Class Tess4JParser

java.lang.Object
org.apache.tika.parser.ocr.tess4j.Tess4JParser
All Implemented Interfaces:
Serializable, Initializable, SelfConfiguring, Parser

public class Tess4JParser extends Object implements Parser, Initializable
OCR parser using Tess4J, which provides a Java JNA wrapper around the native Tesseract library.

Unlike the command-line TesseractOCRParser, this parser calls Tesseract in-process via JNA, eliminating the per-file process-spawn overhead.

Because the native Tesseract handle is not thread-safe, this parser maintains a configurable pool of Tesseract instances. The pool size is controlled by Tess4JConfig.setPoolSize(int).

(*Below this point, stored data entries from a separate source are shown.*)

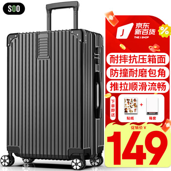 plus:SOO行李箱男万向轮拉杆箱耐磨抗摔26英寸A330旅行箱密码箱女商务黑色 141.55元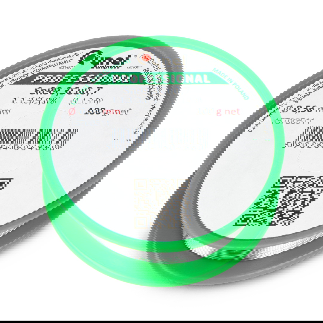 Spoiwo lutownicze w postaci bezołowiowej cyny LC99.3 o średnicy 0,56 mm w szpuli o masie 100 g. |
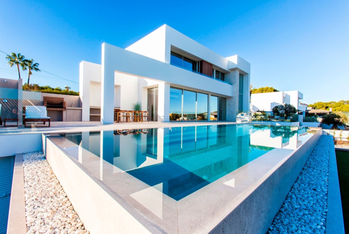 Nestled in the serene La Fustera neighborhood of Benissa, this striking 2023-built villa offers a blend of contemporary luxury and Mediterranean charm. Just a short stroll from the sandy shores and a quick drive to the lively hubs of Calpe and Moraira, this south-east facing retreat captures breathtaking sea views from its elevated 800 m² plot. Spanning 355 m² across three thoughtfully designed levels, this home is a haven of style and comfort.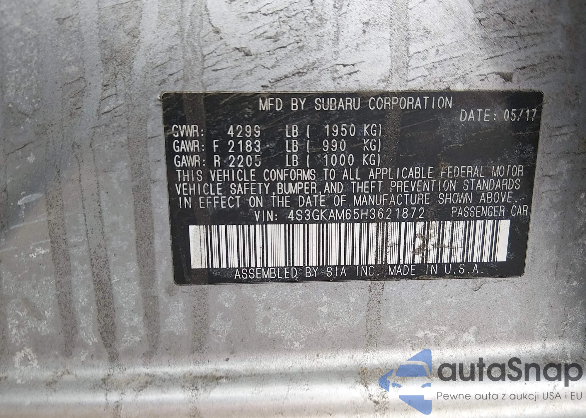 Автомобиль Subaru Impreza 2017 (VIN 4S3GKAM65H3621872) ранее не участвовал в торгах. Документы чистые, пробег соответствует или ниже среднего по рынку. Продаётся страховой компанией — рекомендуем покупку. Доставка в порт займет около 6–8 недель.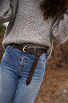 Skórzany pasek z poprzeczną szlufką GRANO CHOCOLATE
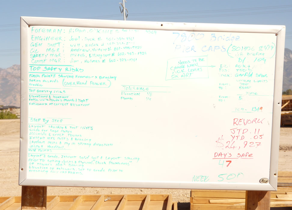 Task board at bridge and retaining wall site.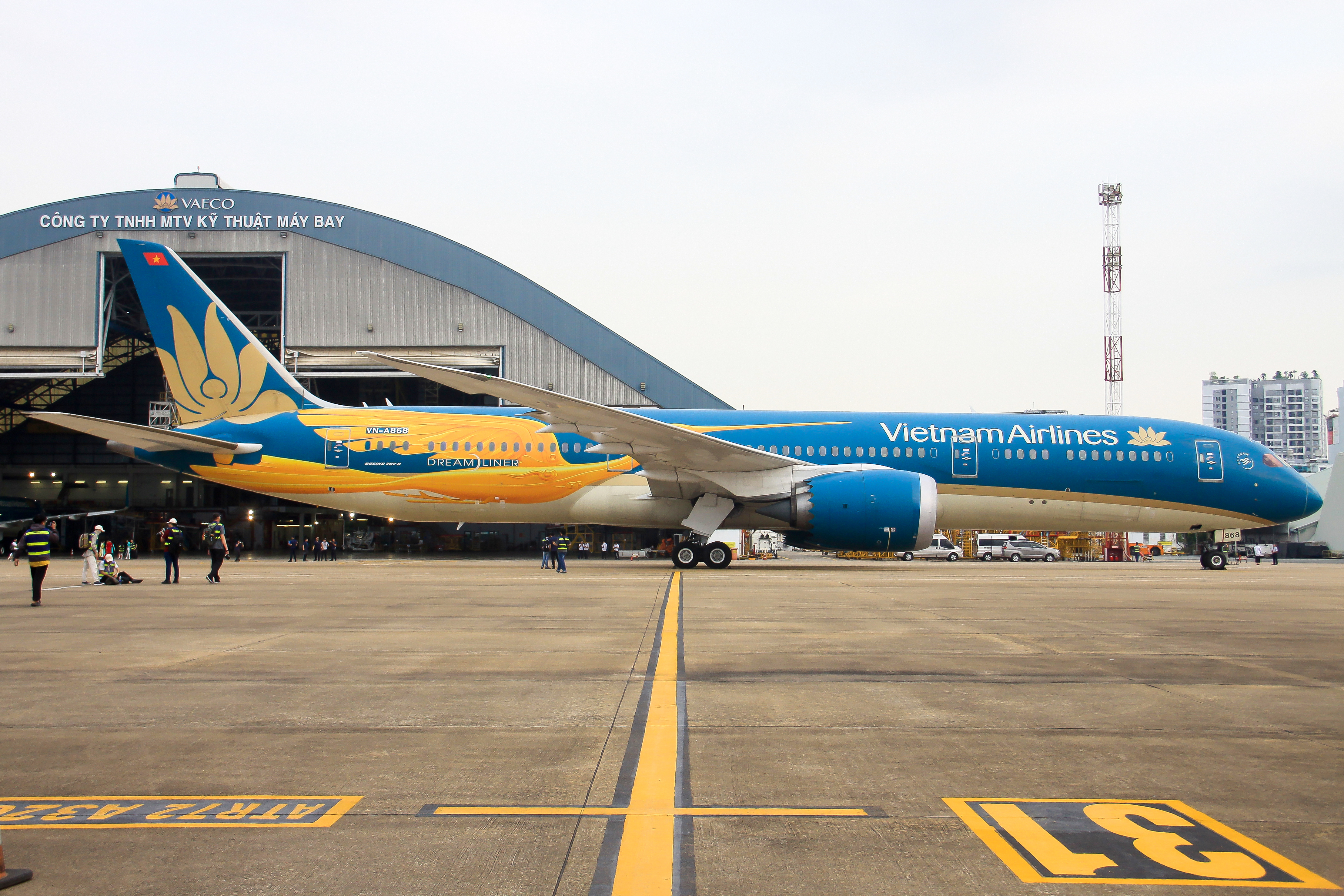 Ảnh 4: Máy bay Boeing 787-9 của Vietnam Airlines trong màu sơn đặc biệt “Chim Lạc”.

Configuration key: "tess4j-parser"

Since:
Apache Tika 4.0
See Also:
  • Constructor Details

  • Method Details

    • getSupportedTypes

      public Set<MediaType> getSupportedTypes(ParseContext context)
      Description copied from interface: Parser
      Returns the set of media types supported by this parser when used with the given parse context.
      Specified by:
      getSupportedTypes in interface Parser
      Parameters:
      context - parse context
      Returns:
      immutable set of media types
    • parse

      public void parse(TikaInputStream tis, ContentHandler handler, Metadata metadata, ParseContext parseContext) throws IOException, SAXException, TikaException
      Description copied from interface: Parser
      Parses a document stream into a sequence of XHTML SAX events. Fills in related document metadata in the given metadata object.

      The given document stream is consumed but not closed by this method. The responsibility to close the stream remains on the caller.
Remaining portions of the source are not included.